Prefiere “conversión pastoral” hecha de alegría, belleza, fascinación,
proximidad, encuentro, ternura, amor y misericordia.
Qué diferencia
con sus predecesores de siglos anteriores que presentaban un cristianismo como
doctrina, dogma y norma moral. Se exigía adhesión inquebrantable y sin el menor
asomo de duda, pues gozaba de las características de la infalibilidad.
El Papa
Francisco entiende el cristianismo en otra clave. No como una doctrina, sino
como un encuentro personal con una Persona, con su causa, con su lucha, con su
capacidad para afrontar las dificultades sin huir de ellas.
Agradan sobremanera
las palabras contenidas en la Epístola a los Hebreos donde se dice que Jesús
“pasó por las mismas pruebas que nosotros… que experimentó todas las flaquezas…
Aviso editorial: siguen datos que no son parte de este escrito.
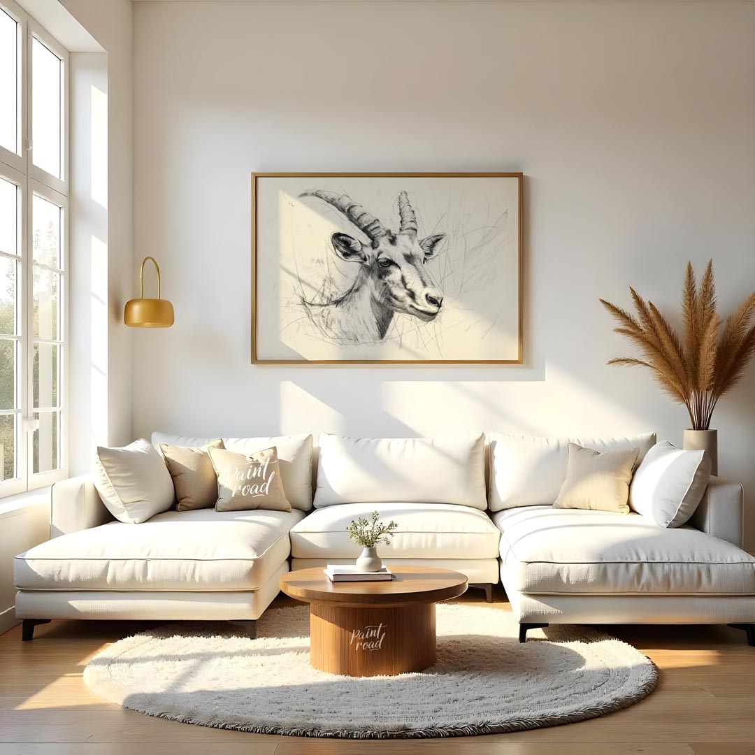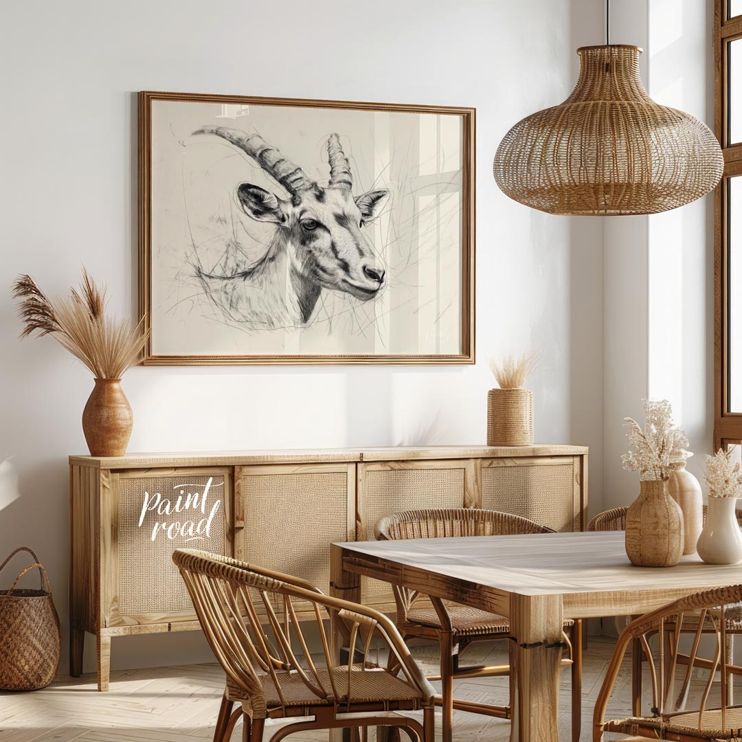 This elegant pencil sketch captures the profile of an antelope, focusing on its distinctive head and spiraling horns. The antelope's face is rendered with meticulous detail, showing the texture of its fur, the alertness in its eye, and the subtle contours of its muzzle. The horns are a prominent feature, depicted with their characteristic ridges and graceful curve. Loose, gestural lines around the animal suggest a natural, wild environment without being fully defined, drawing attention to the subject itself. The monochrome palette allows for a focus on form, light, and shadow, highlighting the inherent beauty and grace of this magnificent creature. It's a sophisticated piece that blends realistic detail with artistic looseness.

que entre gritos y lágrimas suplicó a aquel que podía salvarlo de la muerte y
que no fue atendido en su angustia”, según los estudios de dos grandes sabios de
las Escrituras, A. Harnack y R. Bultmann, que dan esta versión en lugar de la
que está en la Epístola: “y fue escuchado en atención a su piedad” (eusebeia en
griego puede significar, además de piedad, también angustia) “y aprendió a
obedecer mediante el sufrimiento”(Hebreos 4,15; 5,2.7-8).
En la
evangelización tradicional todo pasaba por la inteligencia intelectual
(intellectus fidei), expresada por el credo y por el catecismo. En la
Exhortación, el Papa Francisco llega a decir que «hemos aprisionado a Cristo en
esquemas aburridos… privando así al cristianismo de su creatividad» (nº 11). En
su versión, la evangelización pasa por la inteligencia cordial (intellectus
cordis) porque ahí tiene su sede el amor, la misericordia, la ternura y el
frescor de la Persona de Jesús. Ella se expresa por la proximidad, por el
encuentro, por el diálogo y por el amor. Es un cristianismo-casa-abierta para
todos, «sin fiscales de doctrina», no una fortaleza cerrada que intimida.
Ese es, pues,
el cristianismo que necesitamos, capaz de producir alegría, pues todo lo que
nace verdaderamente de un encuentro profundo y verdadero genera una alegría que
nadie puede quitar. Es como la alegría de los sudafricanos en el entierro de
Mandela: nacía del fondo de corazón y movía todo el cuerpo.
En nuestra
cultura mediática e internética nos falta ese espacio de encuentro, de ojos en
los ojos, cara a cara, piel a piel. Para eso tenemos que realizar “salidas”,
palabra que repite siempre el Papa. “Salida” de nosotros mismos hacia el otro,
“salida” a las periferias existenciales (las soledades y los abandonos) “salida”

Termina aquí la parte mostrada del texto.